-- Task directions --
In your copy, leave out the pictures and reproduce the listing below exactly.
Data segment Block Start
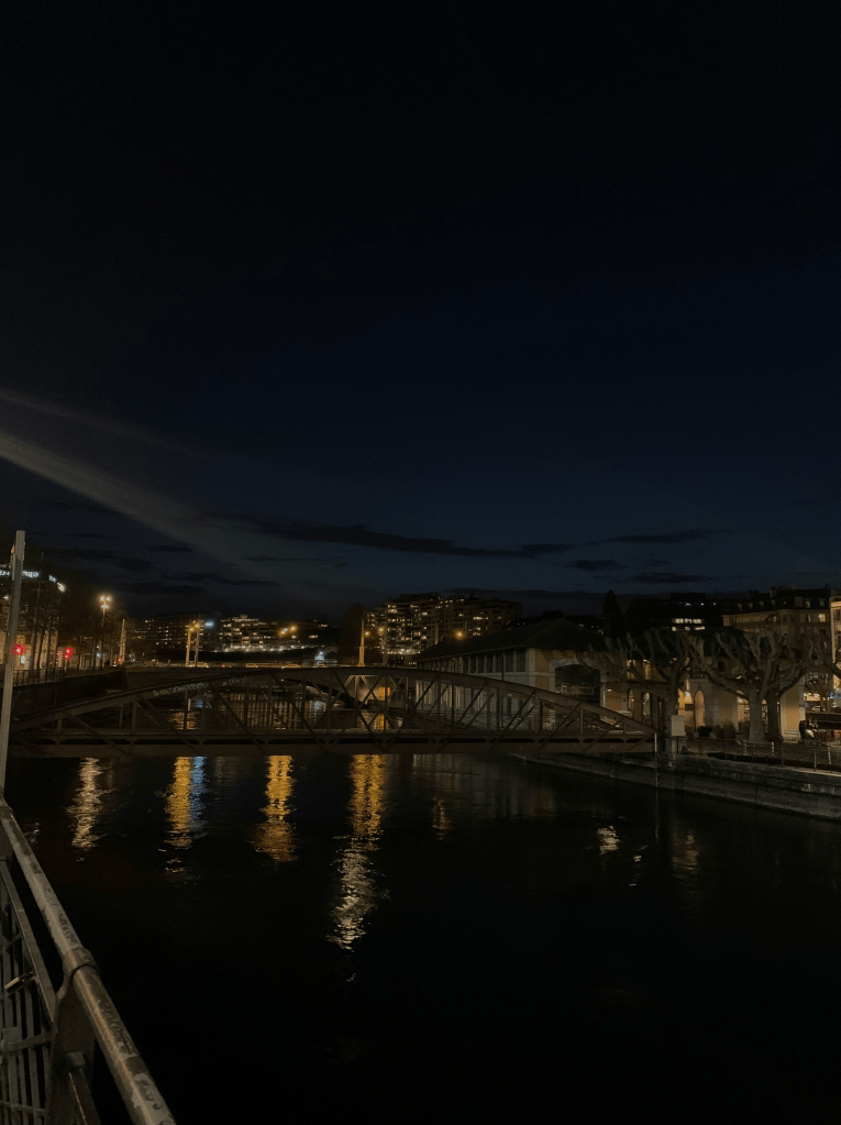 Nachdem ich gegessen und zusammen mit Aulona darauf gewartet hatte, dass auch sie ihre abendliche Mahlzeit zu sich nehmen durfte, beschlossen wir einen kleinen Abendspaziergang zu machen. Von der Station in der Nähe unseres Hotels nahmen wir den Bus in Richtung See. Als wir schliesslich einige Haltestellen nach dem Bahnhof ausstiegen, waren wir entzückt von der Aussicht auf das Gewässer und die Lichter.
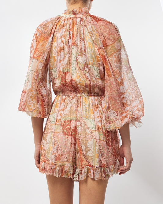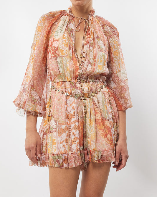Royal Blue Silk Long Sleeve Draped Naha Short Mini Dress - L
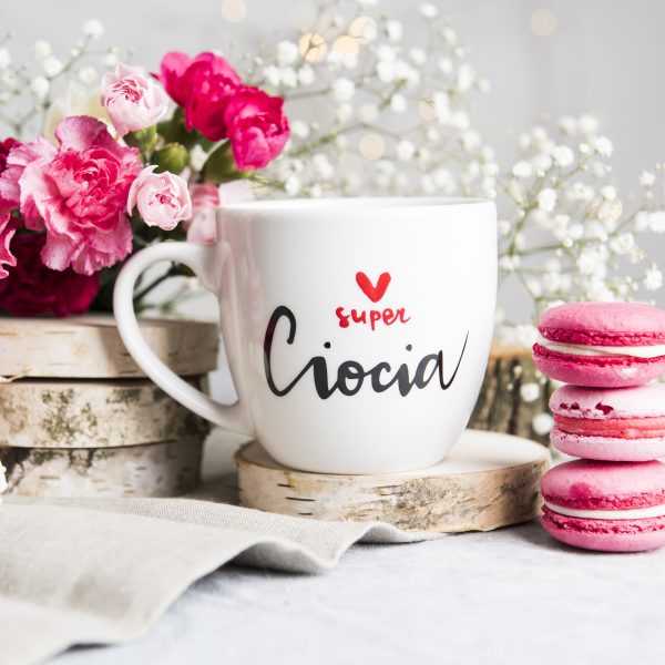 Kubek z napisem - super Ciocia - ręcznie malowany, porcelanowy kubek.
Data segment Block End
-- Exercise result --
 Nachdem ich gegessen und zusammen mit Aulona darauf gewartet hatte, dass auch sie ihre abendliche Mahlzeit zu sich nehmen durfte, beschlossen wir einen kleinen Abendspaziergang zu machen. Von der Station in der Nähe unseres Hotels nahmen wir den Bus in Richtung See. Als wir schliesslich einige Haltestellen nach dem Bahnhof ausstiegen, waren wir entzückt von der Aussicht auf das Gewässer und die Lichter.
Royal Blue Silk Long Sleeve Draped Naha Short Mini Dress - L
 Kubek z napisem - super Ciocia - ręcznie malowany, porcelanowy kubek.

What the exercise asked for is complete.